Preventing Transmission of Lyme Infection

There is no substantial evidence suggesting Lyme infection can be spread from person-to-person, including sexual transmission. Moreover, no case of spread of Lyme disease as of now is linked to blood transfusion. Borrelia bacteria can however live inside blood from people with active infection stored for donation. Therefore it is advisable that patients who are under treatment for Lyme disease should not donate blood. Whereas, those patients who have completed antibiotic treatment for Lyme disease, may however be considered as potential donors of blood for transfusion.

Vaccine for Lyme Disease

FDA had approved a vaccine called LYMErix for Lyme disease in 1998. Even though few people reported falling sick from vaccination, FDA did not find any evidence that it was dangerous. Nevertheless, manufacturers decided to pull LYMErix off the market in February, 2002 due to poor sales. As of now, there is no vaccine available in the market for Lyme disease.

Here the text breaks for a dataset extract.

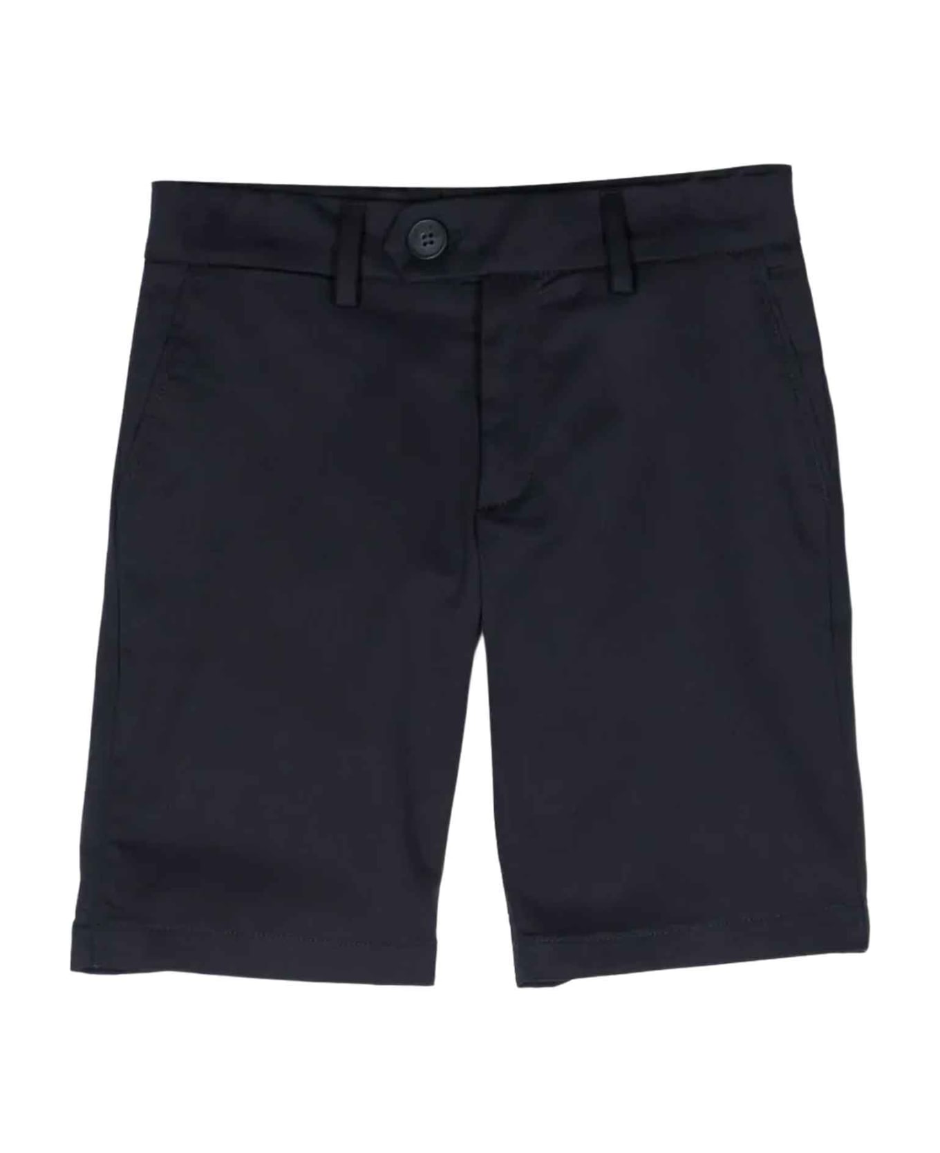 Blue shorts boy with embroidery. Belt loops, concealed front closure and two back welt pockets. Polyester 100%, Cotton 97%, Spandex/Elastane 3%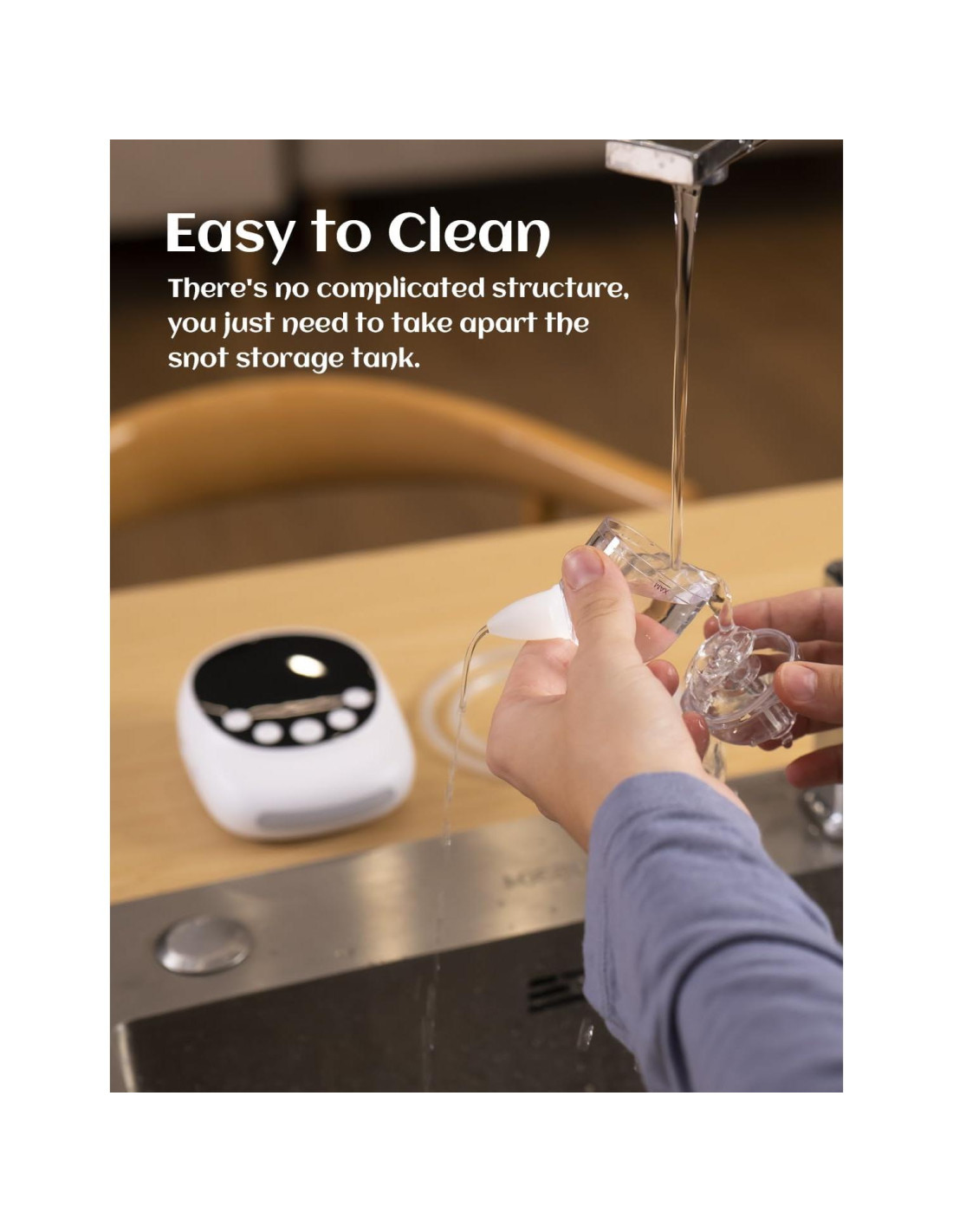 - [Sistema de Limpieza Higiénico y Sin Complicaciones] Diseñado para padres ocupados, el aspirador nasal tiene una cámara de moco transparente completamente desmontable y tubos que se pueden enjuagar o desinfectar rápidamente. Asegurando un fácil mantenimiento y una higiene a largo plazo. Para mayor comodidad, es apto para lavavajillas, asegurando una experiencia higiénica y sin estrés cada vez.

Outlook for People Suffering from Lyme Disease

It is proved beyond doubt that most people suffering from Lyme disease respond well to antibiotic courses & completely recover. Although some cases show persistent symptoms or recurrence which makes further antibiotic treatment necessary, while left untreated, Lyme infection can cause permanent damage to heart, joints & nervous system. Moreover, successful treatment is no guarantee that Lyme disease will not occur in future. Lyme infection can strike more than once in same individual if they are bitten & re-infected by another tick carrying Lyme disease bacteria. Antibody tests conducted for Lyme disease also often remain positive for months to several years after infection. Therefore presence of antibodies in blood is insufficient reason to continue further treatment with antibiotics. Long-term prognosis for Lyme disease is that catching early is excellent. Though symptoms may last for months, early treatment increases chances that they may completely clear.